At 6:42 PM, Anonymous rapraptorman said...

Greg, I think it depends what you mean by, start something new within an existing church. I think that this can actually be divided up into three categories:
1) starting something new like Missio Dei within a church that has facilities and financies (Calvary)
2) Starting a new church with a new vision,etc. with most of the same people who were in the previous church and using the same facilities to do it. (Mclaren's church, which he just left).
3)A new church plant. This can even be divided into different categories because of differing levels of affiliation with existing churches.
more on this later. I have to go to the Hospital to see a guy.

At 10:53 PM, Anonymous rapraptorman said...

1) Obviously it all depends on the context. On the whole though, if the churches are mature enough not to become "rivals" I think the advantages of working within a church slightly outweigh the advantages of starting fresh.
The advantages of working within a church seem to be horizontal support (financial, prayer, etc)and accountability.
The advantages of starting fresh seem to be more freedom to experiment and perhaps greater dependence on God's providence/more of a faith test.
Ron Sider, author of Rich Christians in a hungry world, says that every church should be a part of a denomination for accountability. I think this is going a little too far, but his point is well taken. I think we need strong connection to one another as churches.
2) I think these questions are so explosive because many people have a primarily doctrine or text based faith rather than a person based faith. For instance, what if science somehow proved that there is no historical Adam or Eve, no flood, and no virgin birth. Would people lose their faith? Many would be very shaken.
If I asked these questions they might send my butt back accross the border.

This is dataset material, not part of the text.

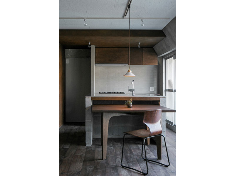 | 設計・デザインのポイント | 素材感あふれる空間をテーマに、炭入モルタル、コンクリートブロック、足場板、鉄粉の錆塗装、ブラックウォールナットの無垢フローリング、バイブレーション仕上げのステンレス板、ラワン合板などなど、個性あふれる素材を適材適所に使い分けています。また、コンクリートの構造体には敢えて塗装などの仕上げを施していません。一部、壁紙の下地であったモルタル壁に白いパテの痕も残りますが、これも味として敢えて残しています。 | ||
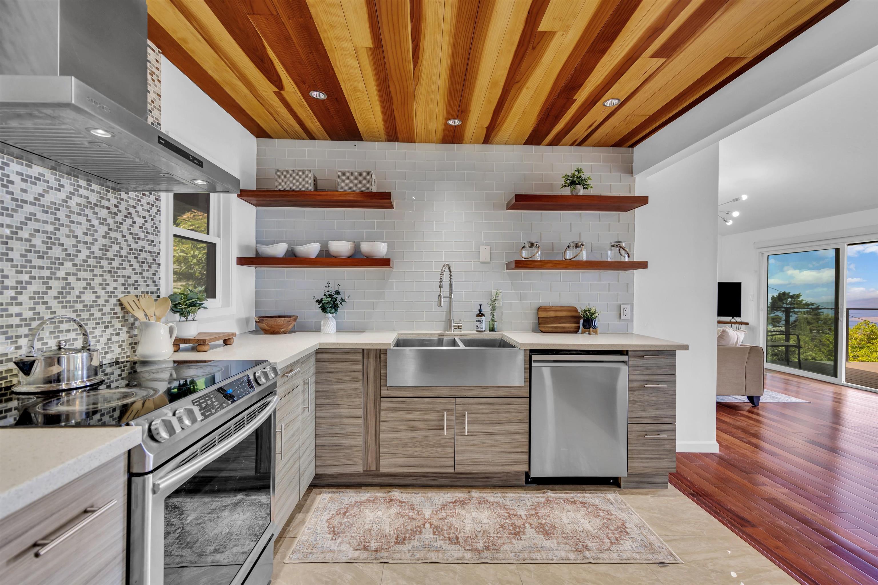Renovated modern retreat in the heart of Kula. This beautifully updated home on ¾ of an acre offers stunning bi-coastal and year-round sunset views. The open-concept layout flows seamlessly to an expansive lanai—perfect for entertaining or quiet evenings overlooking the horizon. Features include net-metered photovoltaic, catchment water system, and elegant finishes throughout. Enjoy ample outdoor space for farming or gardening, with mature avocado trees already thriving. Private, peaceful, and move-in ready—this is Upcountry living at its best.

At 9:48 AM, Blogger Greg said...

1. Basically, "emerging" is the name given to the overall movement/conversation, whether you are in the US, Canada, UK, etc. "Emergent" is the name particularly for the the organized group from the US known as emergent village--they have a national director (Tony Jones) and authors and pastors and professors who are part of the organization or "friends of emergent."

2. I don't believe Brian has left Cedar Ridge. He is no longer the senior pastor, but I believe he is still part of the community there.

3. Here's the catch. You said, "if churches are mature." I don't know that there are many churches out there that can demonstrate the kind of maturity that it would take for a new community to form within their midst and begin reforming worship, theology, and praxis.

4. If you began asking those questions, they'd probably just send you to mars hill. But there are people who love Jesus who might be asking the question, "if adam and eve were not person 1 and person 2 in the world, would I still attach myself to this Jesus and live a life marked by his resurrection power?" More and more people are becoming comfortable with answering YES to this question. Others, who hold too tightly to doctrine, cannot handle it.